Alexander Hendorf - ✨ FastAPI facts we wish we'd known beforehand. | PyData London 2023

Learn best practices for building robust and scalable APIs with FastAPI, including data modeling, validation, and transformation, as well as integration with web frameworks and data sources, in this engaging PyData London 2023 talk.

Key takeaways
  • FastAPI is often misunderstood as a data validator, but it’s actually a data model framework that validates and transforms data.
  • Pydantic is a powerful tool for defining data models and can be used with FastAPI to create robust APIs.
  • Data classes are a good way to define complex data models in Python, and Pydantic can be used to validate and transform data.
  • Standardization is important for building scalable and maintainable APIs, and FastAPI has tools like Starlet to help with this.
  • Data is not just a sequence of bytes, it’s a complex entity with multiple representations and can be seen as a model, not just a set of fields.
  • The speaker’s team used FastAPI to build a complex web API quickly and efficiently.
  • To build a robust API, you need to validate and transform data correctly, and Pydantic can help with this.
  • Starlet is a web framework that works well with FastAPI and can be used to build complex web applications.
  • The speaker’s team used middleware to handle errors and exceptions in their FastAPI application.

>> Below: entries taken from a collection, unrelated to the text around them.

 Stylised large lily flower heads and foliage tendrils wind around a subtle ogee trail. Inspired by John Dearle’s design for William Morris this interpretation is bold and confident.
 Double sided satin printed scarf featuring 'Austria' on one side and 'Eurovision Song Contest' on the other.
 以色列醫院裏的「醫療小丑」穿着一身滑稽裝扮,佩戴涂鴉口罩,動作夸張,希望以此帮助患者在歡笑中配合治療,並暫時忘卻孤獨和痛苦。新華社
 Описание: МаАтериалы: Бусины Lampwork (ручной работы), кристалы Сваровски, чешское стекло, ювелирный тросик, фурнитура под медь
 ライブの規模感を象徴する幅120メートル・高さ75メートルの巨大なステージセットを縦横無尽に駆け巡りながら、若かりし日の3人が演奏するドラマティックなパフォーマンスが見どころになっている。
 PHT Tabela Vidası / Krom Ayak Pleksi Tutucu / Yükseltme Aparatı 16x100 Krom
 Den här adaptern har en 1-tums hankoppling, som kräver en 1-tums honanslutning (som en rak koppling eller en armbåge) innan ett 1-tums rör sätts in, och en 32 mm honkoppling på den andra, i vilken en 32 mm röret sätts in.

  • The open API standard is useful for defining API endpoints and data models, and FastAPI supports this standard.
  • FastAPI is built on top of the Uvicorn server, which is well-suited for production systems.

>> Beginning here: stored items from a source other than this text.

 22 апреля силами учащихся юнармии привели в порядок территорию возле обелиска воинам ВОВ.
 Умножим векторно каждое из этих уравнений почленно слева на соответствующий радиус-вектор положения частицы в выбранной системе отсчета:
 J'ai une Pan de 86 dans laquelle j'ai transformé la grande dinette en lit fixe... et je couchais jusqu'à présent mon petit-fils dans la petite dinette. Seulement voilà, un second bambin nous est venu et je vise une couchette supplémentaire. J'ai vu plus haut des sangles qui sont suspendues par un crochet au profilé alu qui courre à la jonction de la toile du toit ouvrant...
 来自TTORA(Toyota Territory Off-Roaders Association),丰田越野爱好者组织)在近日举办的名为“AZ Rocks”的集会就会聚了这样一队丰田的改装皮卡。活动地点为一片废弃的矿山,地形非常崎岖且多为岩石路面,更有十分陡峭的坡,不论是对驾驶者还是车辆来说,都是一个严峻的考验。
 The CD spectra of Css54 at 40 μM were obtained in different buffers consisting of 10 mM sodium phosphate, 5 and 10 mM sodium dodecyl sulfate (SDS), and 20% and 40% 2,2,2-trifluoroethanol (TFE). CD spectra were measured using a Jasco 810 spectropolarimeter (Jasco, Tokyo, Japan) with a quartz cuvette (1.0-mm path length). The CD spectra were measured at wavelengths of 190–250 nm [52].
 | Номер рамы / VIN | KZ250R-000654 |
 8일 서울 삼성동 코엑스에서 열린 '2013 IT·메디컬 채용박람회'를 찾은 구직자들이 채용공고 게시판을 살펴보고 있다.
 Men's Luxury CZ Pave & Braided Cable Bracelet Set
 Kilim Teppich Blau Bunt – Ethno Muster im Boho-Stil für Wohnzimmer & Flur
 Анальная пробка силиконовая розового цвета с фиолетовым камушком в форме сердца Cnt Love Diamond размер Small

  • The speaker’s team used FastAPI to build a GraphQL API, which is a great example of its flexibility.
  • The speaker’s team used Pydantic to define data models and validate data in their API.
  • FastAPI has a strong focus on performance and can handle complex computations quickly and efficiently.

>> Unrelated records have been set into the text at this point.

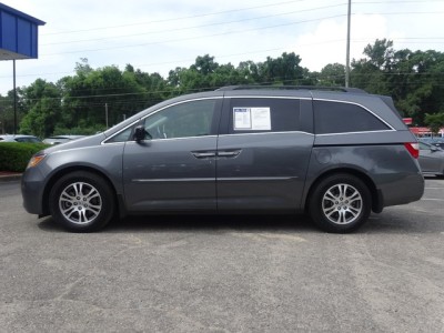 Vehicle Facts: All new in 2011, the 2012 Honda Odyssey carries on the distinction of being fully redesigned, with greater interior functionality, a more distinctive style, improved fuel economy and it is among the first vehicles to earn a 5-Star Crash Test rating in all NHTSA subcategories, earning the best possible overall score * Class-leading achievements for the Odyssey include the highest EPA mileage rating for an 8-passenger minivan (Touring Plus) and the best possible safety ratings from the NHTSA, with a 5-Star Overall Score and a Top Safety Pick rating from the IIHS, a combination no other currently tested minivan can claim * For 2012, items previously available on EX-L models that are now standard on EX models include Bluetooth HandsFreeLink, the intelligent Multi-Information Display with an 8-inch TFT screen, a 2GB CD Library and a USB audio interface * Honda Odyssey comes in a single minivan body style in LX, EX, EX-L, Touring and Touring Elite trim levels with available options that include a rear entertainment system and navigation * Honda Odyssey is powered by a 3.5-liter SOHC 24-valve i-VTEC V6 engine rated at 248 HP at 5700 RPM with a torque rating of 250 lbs.-ft. at 4800 RPM, coupled with a 5-speed automatic transmission * * REASONS TO BUY: Odyssey dramatically departs from conventional minivan styling with a low and wide stance, which adds to vehicle overall stability * Honda Odyssey contains 59 percent high-strength steel content by weight, the most of any Honda built to date and a significant increase from the 35 percent included in the previous generation * Compared to the previous generation, the Honda Odyssey improves front lateral stiffness by 6 percent and rear vertical stiffness by 22 percent * A 4X8 sheet of plywood can fit inside the Odyssey cargo bay with the second-row seats removed, and 10-foot-long 2×4 studs can fit inside the vehicle with the available front console removed * Odyssey EX-L models feature an 8-inch Thin Film Transistor Liquid Crystal Display screen with customizable features, which provides the driver with a variety of information and allows for a personalized wallpaper image * The available Blind Spot Monitoring system offers drivers additional information about conditions around the vehicle by using sensors at each rear corner of the vehicle to detect another vehicle that may be positioned in the driver’s blind spot * Electronic Brake Distribution automatically optimizes braking force between the front and rear wheels depending on passenger and cargo load, reducing the distance it takes Odyssey to stop * Brake Assist senses emergency stopping and applies all available brake boost to maximize vehicle stopping capability * The Odyssey’s hydraulic power steering pump uses a variable displacement design that reduces the constant load on the engine, thereby improving overall efficiency *
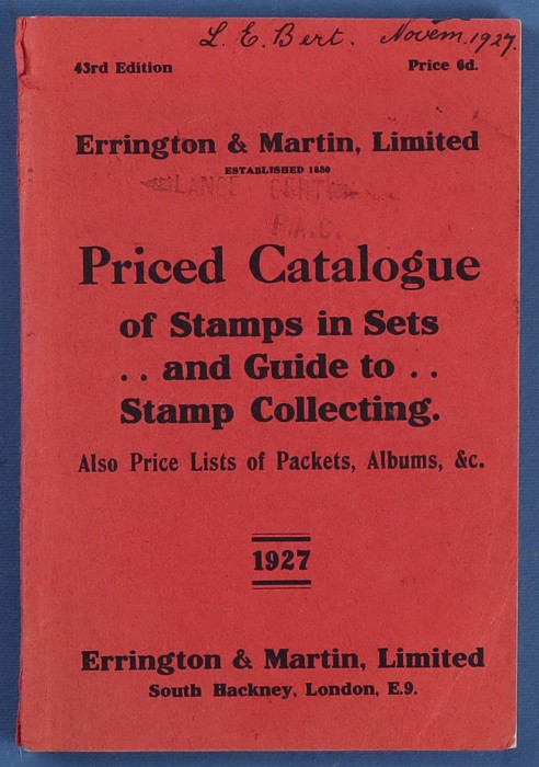 1927 Errington & Martin (London) Priced Catalogue of Stamps in sets. 118 pgs. VGC. (Image1)
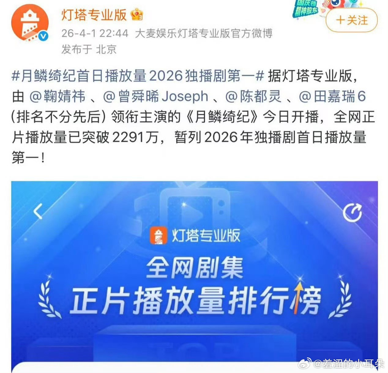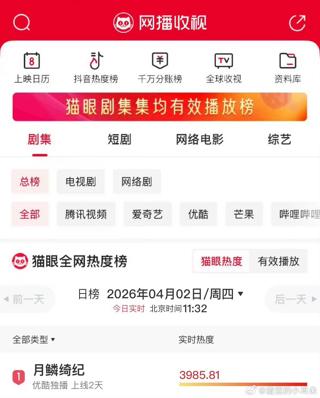 月鳞绮纪登顶👖月鳞绮纪开播不到24小时,各个平台数据都开始登顶了。月鳞绮纪
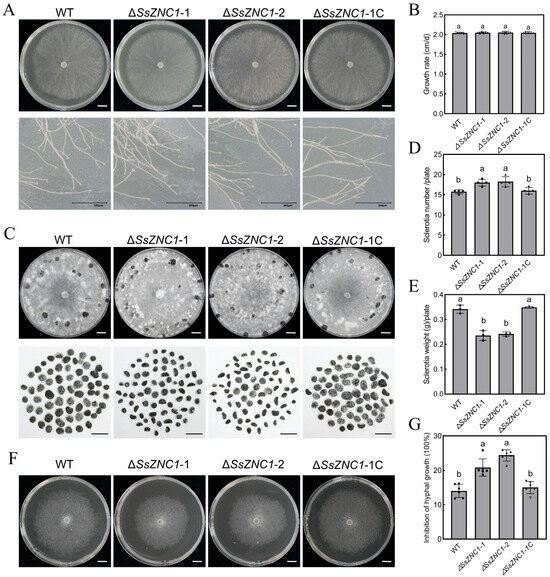 3.3. SsZNC1 Is Important for Sclerotial Development and Coping with Hyperosmotic Stress

  • The speaker’s team used Starlet to build a web application that can handle complex requests and responses.
  • The speaker’s team used FastAPI to build an API that integrates with multiple data sources.
  • The speaker’s team used Pydantic to define data models and validate data in their API, which improved the quality of their data.
  • The speaker’s team used FastAPI to build an API that can handle complex computations and computations with high latency.
  • The speaker’s team used Starlet to build a web application that can handle complex requests and responses.